►

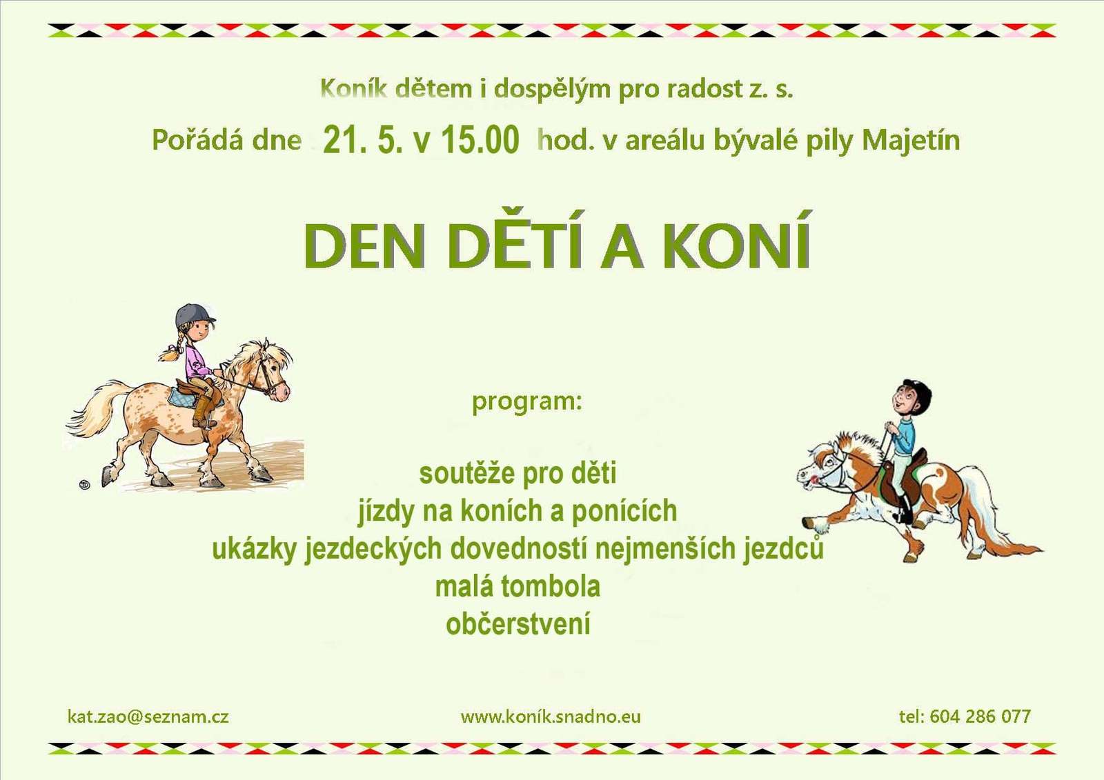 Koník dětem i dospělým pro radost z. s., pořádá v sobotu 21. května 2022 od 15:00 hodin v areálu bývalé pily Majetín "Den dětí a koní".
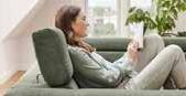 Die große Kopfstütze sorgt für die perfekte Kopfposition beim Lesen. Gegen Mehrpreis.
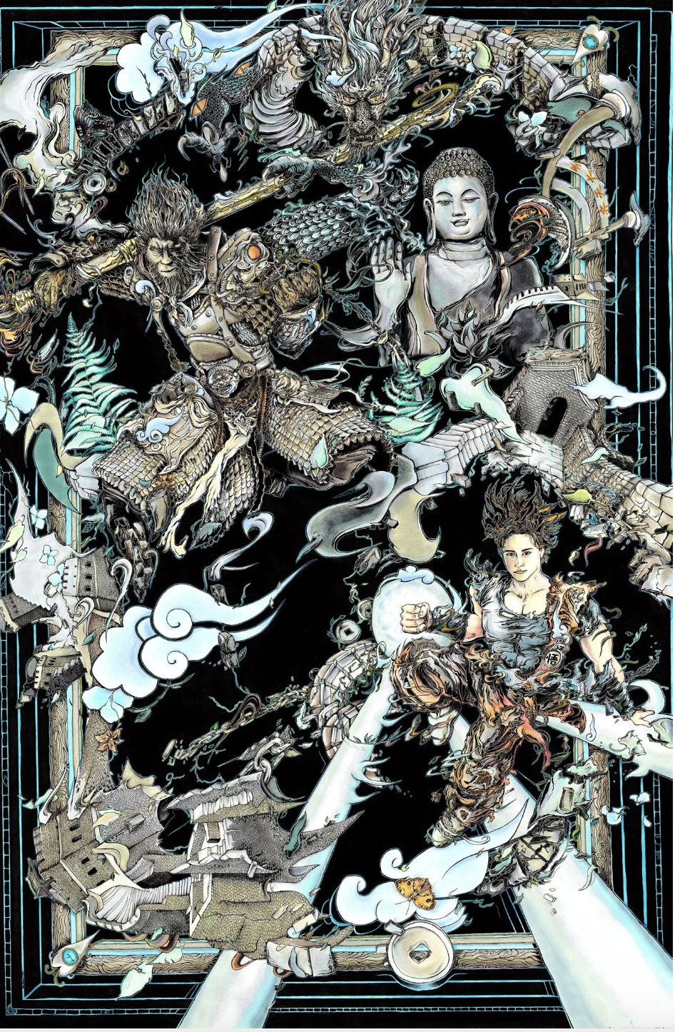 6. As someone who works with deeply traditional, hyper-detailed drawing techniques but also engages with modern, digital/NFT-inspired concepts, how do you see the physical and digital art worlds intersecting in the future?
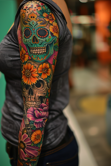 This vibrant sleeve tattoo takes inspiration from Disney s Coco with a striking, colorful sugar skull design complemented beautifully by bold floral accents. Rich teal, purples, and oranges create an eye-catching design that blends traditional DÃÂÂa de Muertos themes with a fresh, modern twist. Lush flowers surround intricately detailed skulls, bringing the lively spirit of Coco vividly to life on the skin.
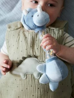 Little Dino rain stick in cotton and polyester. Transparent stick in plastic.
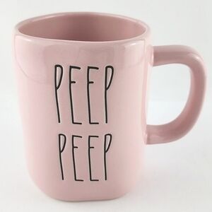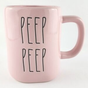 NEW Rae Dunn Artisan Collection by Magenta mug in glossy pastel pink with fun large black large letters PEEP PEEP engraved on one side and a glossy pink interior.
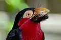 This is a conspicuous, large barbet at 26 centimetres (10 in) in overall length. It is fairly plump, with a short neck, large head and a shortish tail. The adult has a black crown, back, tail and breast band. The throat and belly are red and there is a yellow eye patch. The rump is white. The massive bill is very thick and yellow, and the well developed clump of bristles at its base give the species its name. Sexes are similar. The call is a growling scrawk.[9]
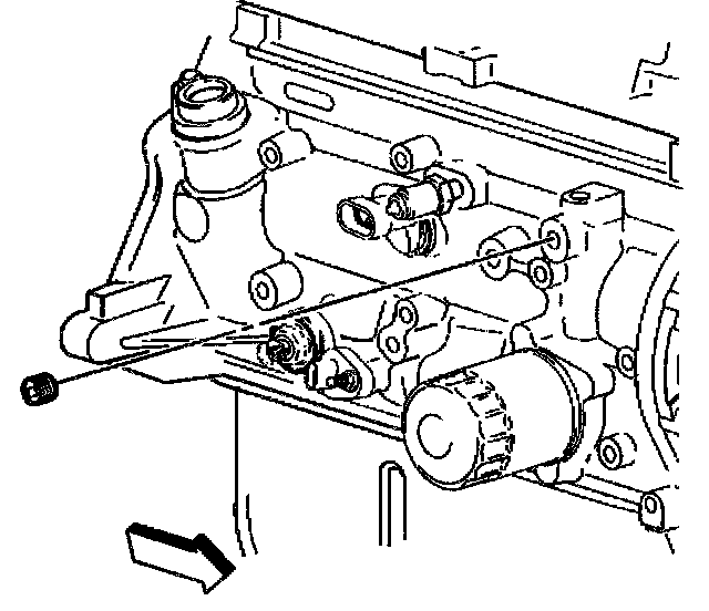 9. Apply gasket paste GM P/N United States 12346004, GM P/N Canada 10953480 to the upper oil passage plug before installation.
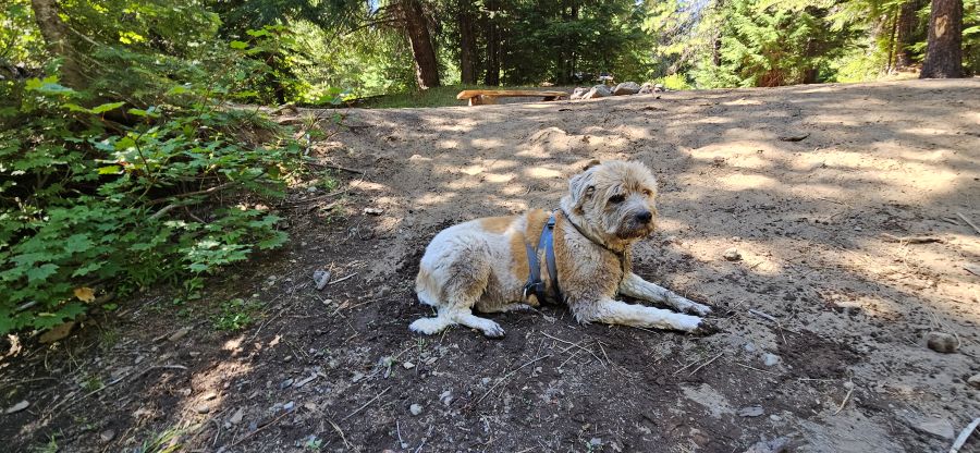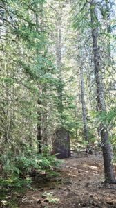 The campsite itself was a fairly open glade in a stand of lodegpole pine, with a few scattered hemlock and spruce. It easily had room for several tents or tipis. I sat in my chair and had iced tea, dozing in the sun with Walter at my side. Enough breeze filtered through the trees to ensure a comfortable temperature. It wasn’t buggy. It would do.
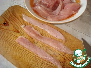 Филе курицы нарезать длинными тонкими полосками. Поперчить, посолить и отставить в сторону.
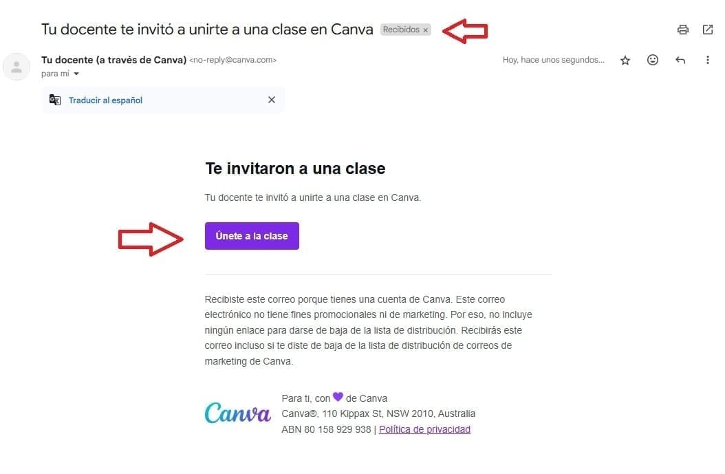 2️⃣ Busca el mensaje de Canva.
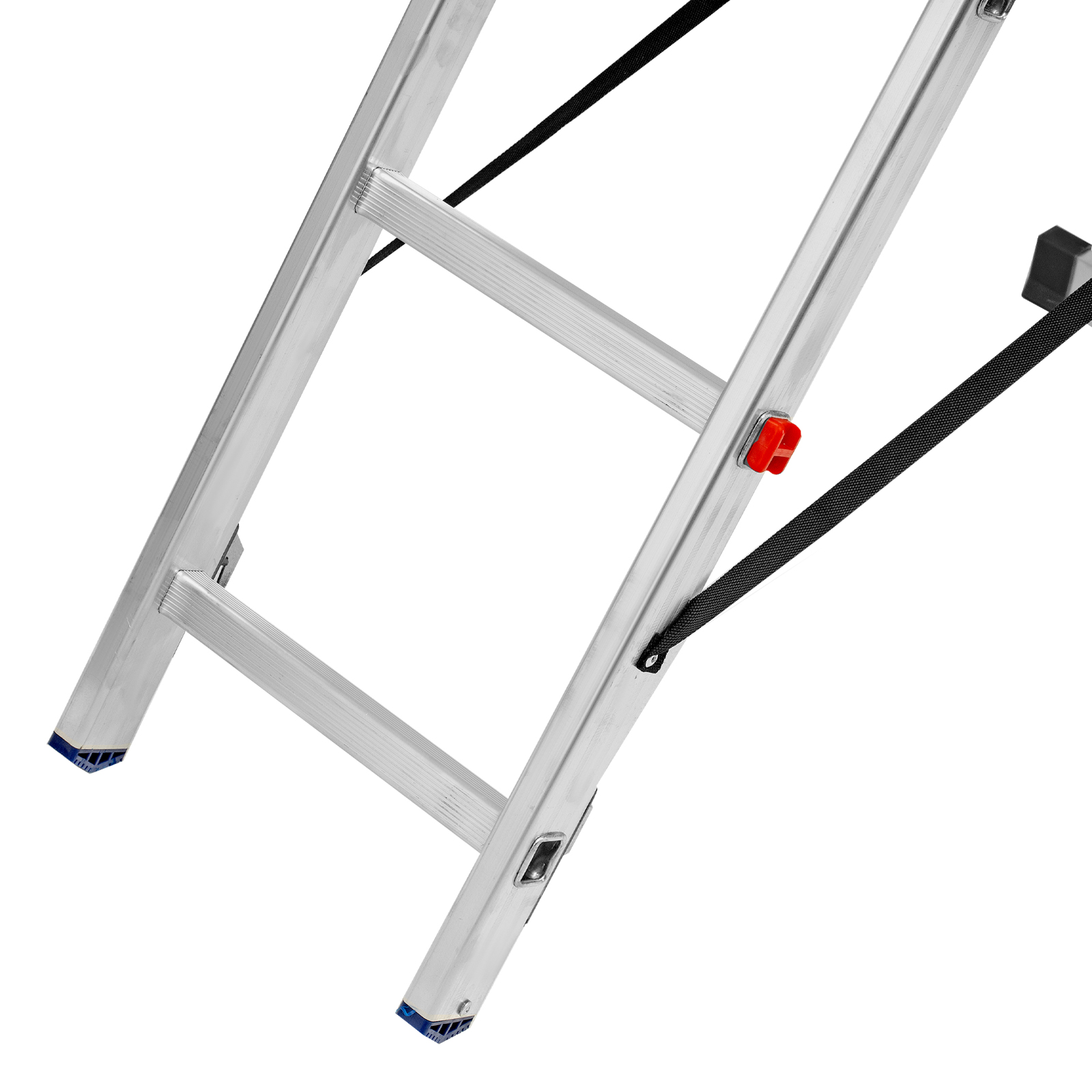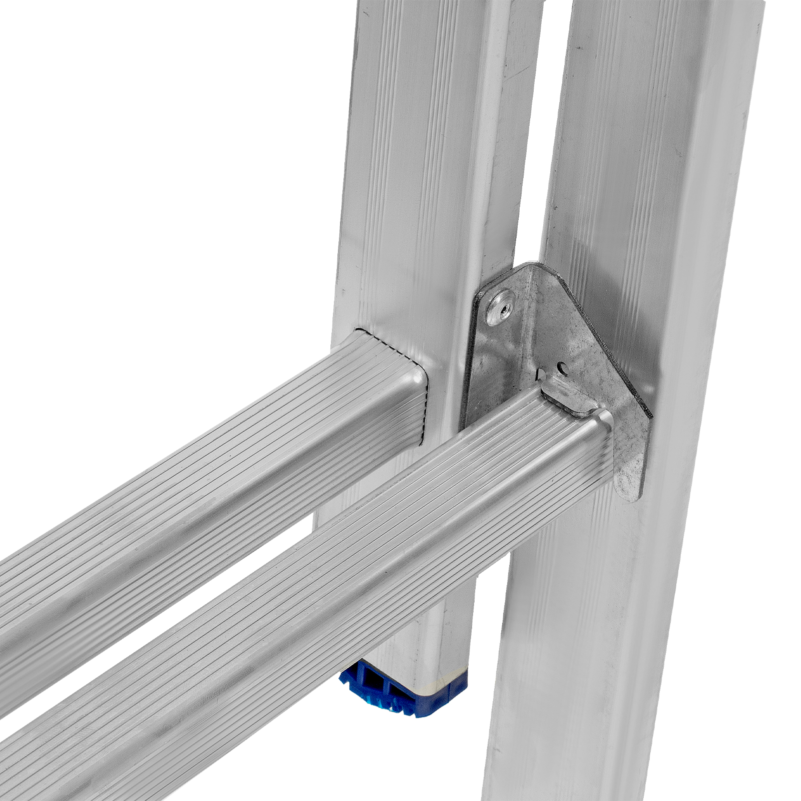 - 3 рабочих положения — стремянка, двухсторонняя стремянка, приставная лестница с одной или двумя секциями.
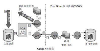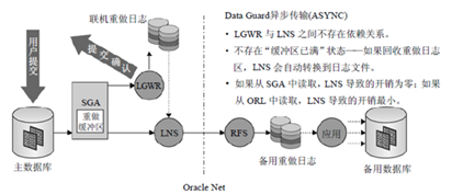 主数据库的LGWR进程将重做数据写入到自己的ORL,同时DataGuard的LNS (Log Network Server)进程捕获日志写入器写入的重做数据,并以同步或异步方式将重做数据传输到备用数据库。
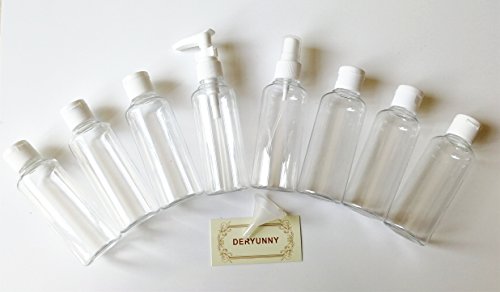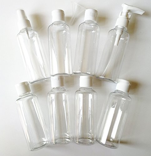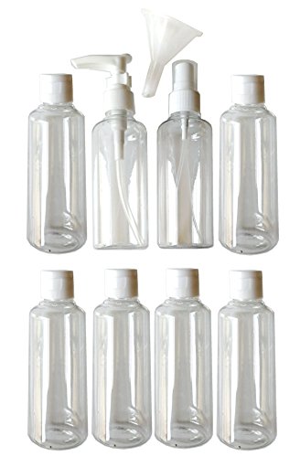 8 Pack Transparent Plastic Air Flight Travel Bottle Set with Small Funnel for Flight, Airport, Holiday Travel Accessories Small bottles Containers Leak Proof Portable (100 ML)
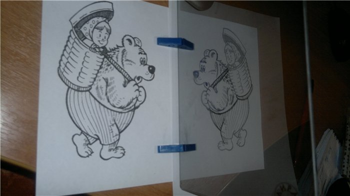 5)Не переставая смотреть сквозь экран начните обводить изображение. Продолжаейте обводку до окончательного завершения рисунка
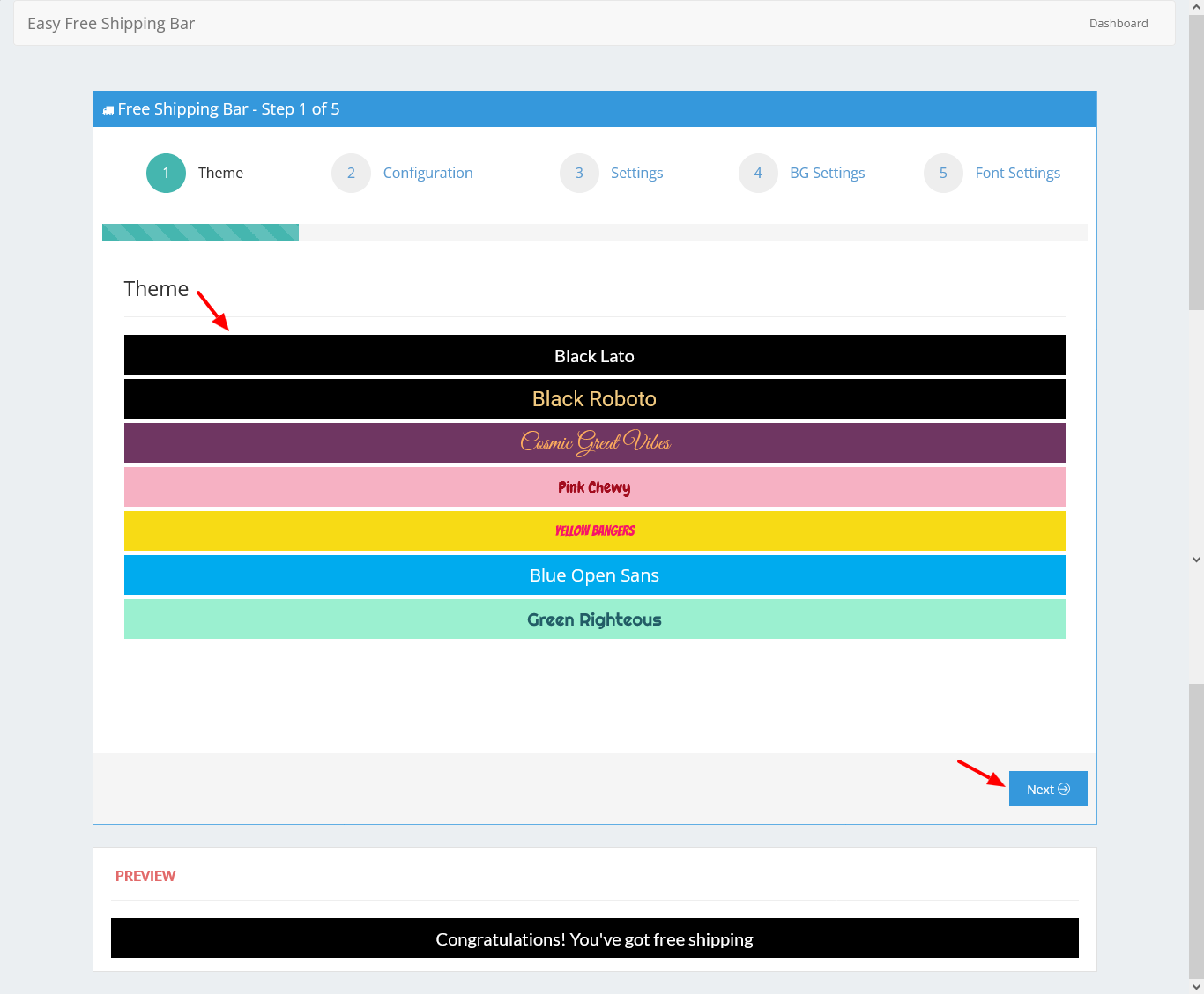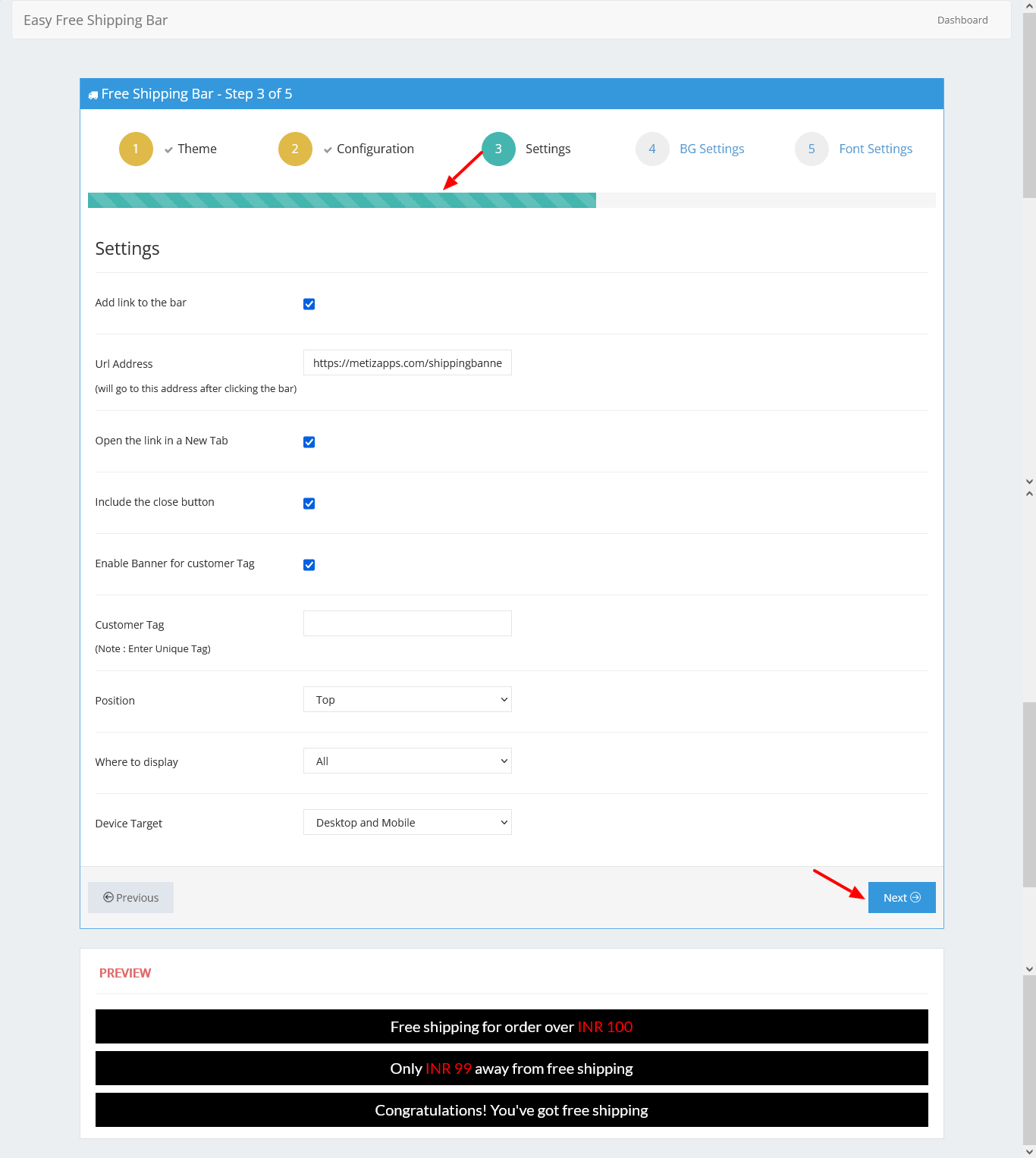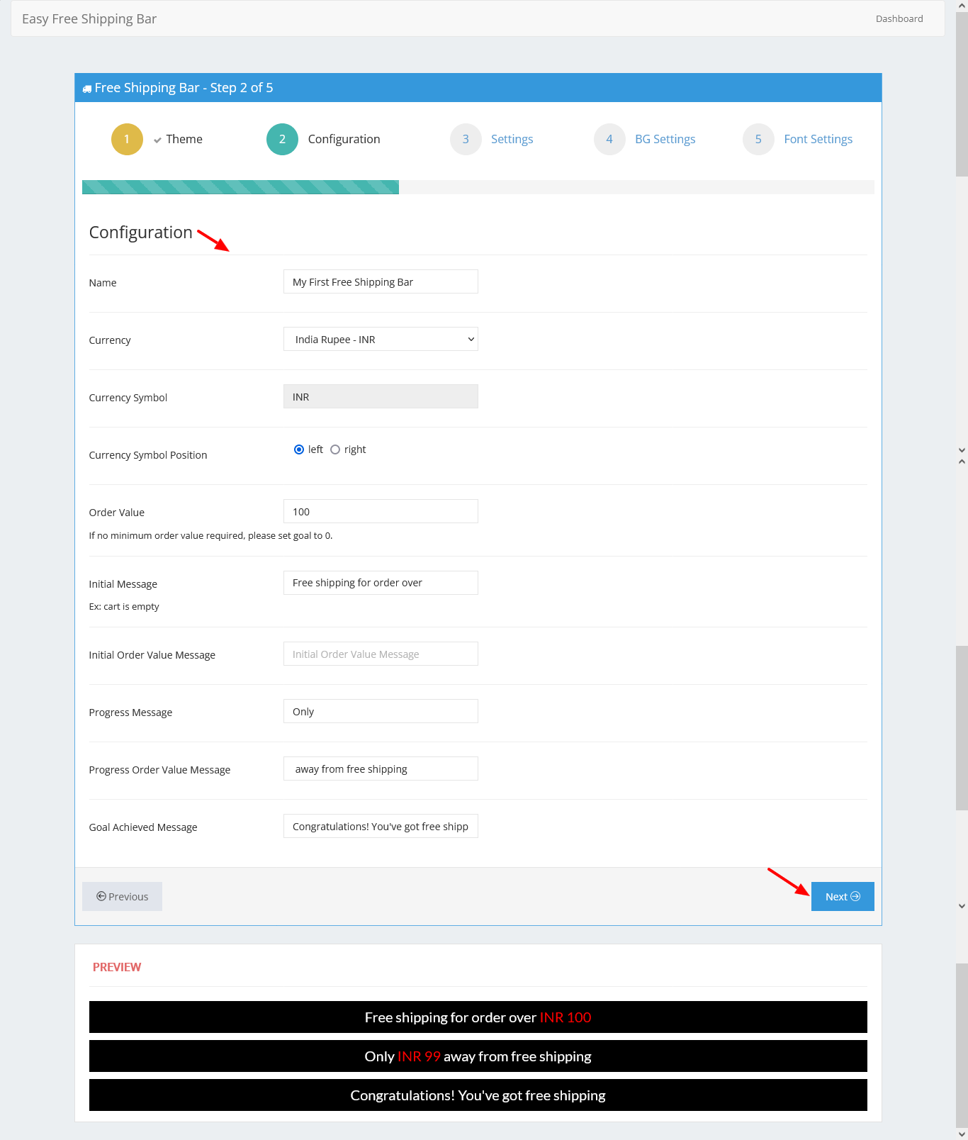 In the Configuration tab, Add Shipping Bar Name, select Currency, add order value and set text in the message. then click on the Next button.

◄

> **What the task asks**
Only the lines from the start of the material through the line containing "The campsite itself" should be transcribed. Pictures stay out.

> **Solution for this problem**
 Koník dětem i dospělým pro radost z. s., pořádá v sobotu 21. května 2022 od 15:00 hodin v areálu bývalé pily Majetín "Den dětí a koní".
 Die große Kopfstütze sorgt für die perfekte Kopfposition beim Lesen. Gegen Mehrpreis.
 6. As someone who works with deeply traditional, hyper-detailed drawing techniques but also engages with modern, digital/NFT-inspired concepts, how do you see the physical and digital art worlds intersecting in the future?
 This vibrant sleeve tattoo takes inspiration from Disney s Coco with a striking, colorful sugar skull design complemented beautifully by bold floral accents. Rich teal, purples, and oranges create an eye-catching design that blends traditional DÃÂÂa de Muertos themes with a fresh, modern twist. Lush flowers surround intricately detailed skulls, bringing the lively spirit of Coco vividly to life on the skin.
 Little Dino rain stick in cotton and polyester. Transparent stick in plastic.
 NEW Rae Dunn Artisan Collection by Magenta mug in glossy pastel pink with fun large black large letters PEEP PEEP engraved on one side and a glossy pink interior.
 This is a conspicuous, large barbet at 26 centimetres (10 in) in overall length. It is fairly plump, with a short neck, large head and a shortish tail. The adult has a black crown, back, tail and breast band. The throat and belly are red and there is a yellow eye patch. The rump is white. The massive bill is very thick and yellow, and the well developed clump of bristles at its base give the species its name. Sexes are similar. The call is a growling scrawk.[9]
 9. Apply gasket paste GM P/N United States 12346004, GM P/N Canada 10953480 to the upper oil passage plug before installation.
 The campsite itself was a fairly open glade in a stand of lodegpole pine, with a few scattered hemlock and spruce. It easily had room for several tents or tipis. I sat in my chair and had iced tea, dozing in the sun with Walter at my side. Enough breeze filtered through the trees to ensure a comfortable temperature. It wasn’t buggy. It would do.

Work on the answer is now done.